Part of Praeger's Media and Society Series, this volume breaks new ground in television studies as the first booklength study of an individual television producer. Robert J. Thompson examines the work of Stephen J. Cannell, one of television's most prolific and successful producers. Thompson uses theories of film authorship revised for application to television texts and provides close analysis of Cannell's programs, including individual episodes of The Rockford Files, The A-Team, and The Greatest American Hero.

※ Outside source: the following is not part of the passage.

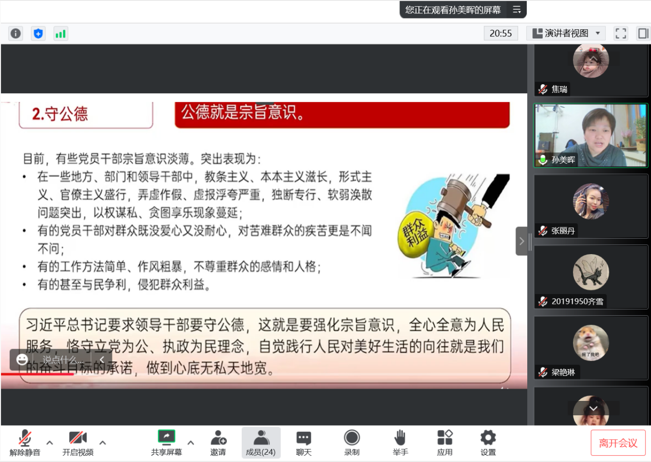 第三方面,培养大学生廉洁自律道德操守。孙书记列举了大学生中的不廉洁现象,比如考试舞弊、论文作假、骗取或恶意拖欠国家助学金和助学贷款、毕业就业缺乏诚信、部分学生干部行为失范等现象,孙书记呼吁学生党员要加强自身廉洁建设、思想建设,作为新时代的高校学生无论何时都一定要时刻严格要求自己。要加强诚信意识、诚实考试,不徇私舞弊。并强调新时代大学生要明大德、守公德、严私德,大德就是理想信念,公德就是宗旨意识,私德就是领导干部的个人操守。

Moving away from the notion that a television series is the creation of an individual author, the book begins with a look at the televisionmaker. Thompson probes the polyauthorial nature of the medium and introduces a new method of studying television authorship. The book then turns to Cannell and a study of his career, focusing on how he developed the formula for his many highly rated television series. Students and teachers of television and television criticism will find Adventures on Prime Time a source of stimulating ideas about the nature of the medium.

About the author (1990)

ROBERT J. THOMPSON is an Associate Professor at the State University of New York at Cortland, the Director of the Radio-TV-Film N.H.S.I summer program at Northwestern University, and an occasional visiting Professor at Cornell University. In addition to the present volume, he is the co-editor of two anthologies of essays entitled Television Studies: Textual Analysis (Praeger) and Making Television: Authorship and the Production Process (Praeger).